▶ _BRIEF_
Copy out the listing below so that each line matches exactly.

▶ _RAW DATA_
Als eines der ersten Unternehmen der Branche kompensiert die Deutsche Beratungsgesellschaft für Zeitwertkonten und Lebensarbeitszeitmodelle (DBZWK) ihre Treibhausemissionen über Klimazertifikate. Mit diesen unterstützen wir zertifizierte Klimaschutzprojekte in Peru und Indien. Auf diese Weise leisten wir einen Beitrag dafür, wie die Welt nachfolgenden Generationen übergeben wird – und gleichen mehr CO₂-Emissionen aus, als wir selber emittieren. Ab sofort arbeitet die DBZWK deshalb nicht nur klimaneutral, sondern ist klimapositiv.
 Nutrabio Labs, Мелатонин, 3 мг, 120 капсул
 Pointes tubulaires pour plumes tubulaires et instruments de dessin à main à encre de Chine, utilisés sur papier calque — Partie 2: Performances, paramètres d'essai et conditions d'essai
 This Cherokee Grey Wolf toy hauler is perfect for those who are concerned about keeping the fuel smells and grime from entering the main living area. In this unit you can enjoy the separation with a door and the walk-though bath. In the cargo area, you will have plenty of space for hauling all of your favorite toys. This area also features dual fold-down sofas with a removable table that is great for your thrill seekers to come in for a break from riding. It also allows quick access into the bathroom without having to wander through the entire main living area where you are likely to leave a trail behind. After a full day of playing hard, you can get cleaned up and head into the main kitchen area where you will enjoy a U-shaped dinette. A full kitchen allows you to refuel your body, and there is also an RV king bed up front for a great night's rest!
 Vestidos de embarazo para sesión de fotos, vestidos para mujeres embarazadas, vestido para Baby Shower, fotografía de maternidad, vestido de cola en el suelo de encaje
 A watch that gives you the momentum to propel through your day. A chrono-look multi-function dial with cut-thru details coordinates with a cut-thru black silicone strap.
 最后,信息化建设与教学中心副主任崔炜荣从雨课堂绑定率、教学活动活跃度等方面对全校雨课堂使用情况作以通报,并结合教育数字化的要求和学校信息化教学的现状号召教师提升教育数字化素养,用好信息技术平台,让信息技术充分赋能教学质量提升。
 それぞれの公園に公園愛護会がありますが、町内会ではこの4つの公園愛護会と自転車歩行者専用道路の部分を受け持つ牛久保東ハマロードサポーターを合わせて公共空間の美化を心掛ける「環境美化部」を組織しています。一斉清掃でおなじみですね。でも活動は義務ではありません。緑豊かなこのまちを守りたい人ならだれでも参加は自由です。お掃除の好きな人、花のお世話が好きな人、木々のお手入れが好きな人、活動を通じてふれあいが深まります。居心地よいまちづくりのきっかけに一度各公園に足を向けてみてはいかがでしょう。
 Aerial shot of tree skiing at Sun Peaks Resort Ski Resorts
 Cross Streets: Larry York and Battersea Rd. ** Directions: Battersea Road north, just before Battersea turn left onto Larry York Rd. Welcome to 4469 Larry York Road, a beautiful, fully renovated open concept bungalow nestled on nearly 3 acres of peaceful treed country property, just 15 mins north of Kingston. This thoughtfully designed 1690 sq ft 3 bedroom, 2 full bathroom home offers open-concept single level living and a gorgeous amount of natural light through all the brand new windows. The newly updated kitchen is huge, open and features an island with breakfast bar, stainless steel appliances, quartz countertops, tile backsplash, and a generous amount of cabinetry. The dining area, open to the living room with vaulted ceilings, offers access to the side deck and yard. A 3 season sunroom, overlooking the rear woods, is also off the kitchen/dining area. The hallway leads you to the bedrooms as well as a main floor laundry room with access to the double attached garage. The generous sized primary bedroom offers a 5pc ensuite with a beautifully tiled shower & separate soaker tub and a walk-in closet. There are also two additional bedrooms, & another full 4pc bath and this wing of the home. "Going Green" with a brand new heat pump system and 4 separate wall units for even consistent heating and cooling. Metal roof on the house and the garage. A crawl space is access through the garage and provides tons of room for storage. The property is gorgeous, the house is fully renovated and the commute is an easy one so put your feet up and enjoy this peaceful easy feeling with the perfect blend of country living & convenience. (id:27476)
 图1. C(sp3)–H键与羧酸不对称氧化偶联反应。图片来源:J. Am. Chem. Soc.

▶ _TASK SOLUTION_
Als eines der ersten Unternehmen der Branche kompensiert die Deutsche Beratungsgesellschaft für Zeitwertkonten und Lebensarbeitszeitmodelle (DBZWK) ihre Treibhausemissionen über Klimazertifikate. Mit diesen unterstützen wir zertifizierte Klimaschutzprojekte in Peru und Indien. Auf diese Weise leisten wir einen Beitrag dafür, wie die Welt nachfolgenden Generationen übergeben wird – und gleichen mehr CO₂-Emissionen aus, als wir selber emittieren. Ab sofort arbeitet die DBZWK deshalb nicht nur klimaneutral, sondern ist klimapositiv.
 Nutrabio Labs, Мелатонин, 3 мг, 120 капсул
 Pointes tubulaires pour plumes tubulaires et instruments de dessin à main à encre de Chine, utilisés sur papier calque — Partie 2: Performances, paramètres d'essai et conditions d'essai
 This Cherokee Grey Wolf toy hauler is perfect for those who are concerned about keeping the fuel smells and grime from entering the main living area. In this unit you can enjoy the separation with a door and the walk-though bath. In the cargo area, you will have plenty of space for hauling all of your favorite toys. This area also features dual fold-down sofas with a removable table that is great for your thrill seekers to come in for a break from riding. It also allows quick access into the bathroom without having to wander through the entire main living area where you are likely to leave a trail behind. After a full day of playing hard, you can get cleaned up and head into the main kitchen area where you will enjoy a U-shaped dinette. A full kitchen allows you to refuel your body, and there is also an RV king bed up front for a great night's rest!
 Vestidos de embarazo para sesión de fotos, vestidos para mujeres embarazadas, vestido para Baby Shower, fotografía de maternidad, vestido de cola en el suelo de encaje
 A watch that gives you the momentum to propel through your day. A chrono-look multi-function dial with cut-thru details coordinates with a cut-thru black silicone strap.
 最后,信息化建设与教学中心副主任崔炜荣从雨课堂绑定率、教学活动活跃度等方面对全校雨课堂使用情况作以通报,并结合教育数字化的要求和学校信息化教学的现状号召教师提升教育数字化素养,用好信息技术平台,让信息技术充分赋能教学质量提升。
 それぞれの公園に公園愛護会がありますが、町内会ではこの4つの公園愛護会と自転車歩行者専用道路の部分を受け持つ牛久保東ハマロードサポーターを合わせて公共空間の美化を心掛ける「環境美化部」を組織しています。一斉清掃でおなじみですね。でも活動は義務ではありません。緑豊かなこのまちを守りたい人ならだれでも参加は自由です。お掃除の好きな人、花のお世話が好きな人、木々のお手入れが好きな人、活動を通じてふれあいが深まります。居心地よいまちづくりのきっかけに一度各公園に足を向けてみてはいかがでしょう。
 Aerial shot of tree skiing at Sun Peaks Resort Ski Resorts
 Cross Streets: Larry York and Battersea Rd. ** Directions: Battersea Road north, just before Battersea turn left onto Larry York Rd. Welcome to 4469 Larry York Road, a beautiful, fully renovated open concept bungalow nestled on nearly 3 acres of peaceful treed country property, just 15 mins north of Kingston. This thoughtfully designed 1690 sq ft 3 bedroom, 2 full bathroom home offers open-concept single level living and a gorgeous amount of natural light through all the brand new windows. The newly updated kitchen is huge, open and features an island with breakfast bar, stainless steel appliances, quartz countertops, tile backsplash, and a generous amount of cabinetry. The dining area, open to the living room with vaulted ceilings, offers access to the side deck and yard. A 3 season sunroom, overlooking the rear woods, is also off the kitchen/dining area. The hallway leads you to the bedrooms as well as a main floor laundry room with access to the double attached garage. The generous sized primary bedroom offers a 5pc ensuite with a beautifully tiled shower & separate soaker tub and a walk-in closet. There are also two additional bedrooms, & another full 4pc bath and this wing of the home. "Going Green" with a brand new heat pump system and 4 separate wall units for even consistent heating and cooling. Metal roof on the house and the garage. A crawl space is access through the garage and provides tons of room for storage. The property is gorgeous, the house is fully renovated and the commute is an easy one so put your feet up and enjoy this peaceful easy feeling with the perfect blend of country living & convenience. (id:27476)
 图1. C(sp3)–H键与羧酸不对称氧化偶联反应。图片来源:J. Am. Chem. Soc.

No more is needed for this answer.